Billings woman appeals conviction in child abuse case

2012-12-28T13:55:00Z 2012-12-29T11:18:03Z Billings woman appeals conviction in child abuse caseBy GREG TUTTLE The Billings Gazette

A Billings woman serving a 15-year prison sentence for abusing an 8-month-old boy she was baby-sitting has appealed her conviction to the Montana Supreme Court.

An attorney for Nevada Ugalde argues in the appeal filed recently that the 23-year-old woman convicted at trial in 2010 of aggravated assault did not receive a fair trial on numerous grounds, including misconduct by the prosecution and poor representation by her court-appointed defense lawyer.

Ugalde was charged for injuries suffered by Isaiah Napier on June 11, 2008. Prosecutors said Ugalde, who was baby-sitting the boy, caused severe head injuries by shaking or slamming the child.
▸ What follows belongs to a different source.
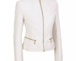Nueva chaqueta de cuero blanca para mujer 100 % piel de cordero real motocicl...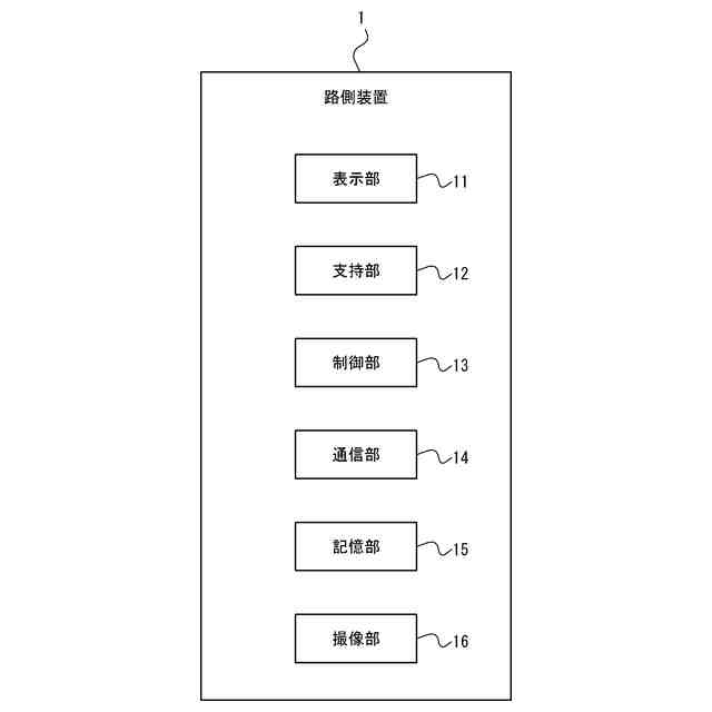 図1に示されるように、路側装置1は、道路3の路側に設置され、道路3を走行する車両2の運転手に対して注意喚起等各種の情報(以下、報知情報という)を呈示するための装置である。路側装置1は、車両2の運転手が視認可能なサイズ及び輝度で報知情報を表示する表示部11と、表示部11を支持する支持部12とを備える。道路3を走行する車両2は、道路3を走行中であってもよいし、停車していてもよい。車両2は、車高の比較的高い大型車両、例えばトラック等であるが、これに限られない。車両2は、任意の車両であってもよく、例えば、自動車、自動二輪車、原動機付自転車、軽車両を含む。路側装置1は、例えば、表示部11に、「前方注意」、「走行速度に注意」等の報知情報を表示する。ただし、報知情報はこれに限定されず、任意の内容とすることが可能である。図1では、路側装置1が、車両2が走行する道路3の傍の路面上に設置される例を示すが、これに限定されない。路側装置1は、例えば、道路3の上部に渡された橋又は門型の柱に設置する等の、道路3の近くの任意の場所に設置されてもよい。

Ugalde denied the charge and claimed the child suffered the injuries when he fell out of a crib.

The case went to trial before District Judge Susan Watters in April 2010. After a week of testimony and about six hours of deliberation, the jury convicted Ugalde.

Ugalde's sentencing was delayed for about one year while Watters considered her request for a new trial. After denying the request, Watters sentenced Ugalde to serve 20 years in prison, with five years suspended, and pay about $1.4 million in restitution.

The restitution was ordered to pay for Napier's medical needs. Prosecutors said the child suffered permanent and disabling injuries as a result of the abuse.

In the appeal, an attorney for Ugalde said the woman's conviction should be overturned because of misconduct by the prosecution. The attorney, Gregory Birdsong of Missoula, said that if the conviction is not tossed out, Ugalde should be granted a new trial.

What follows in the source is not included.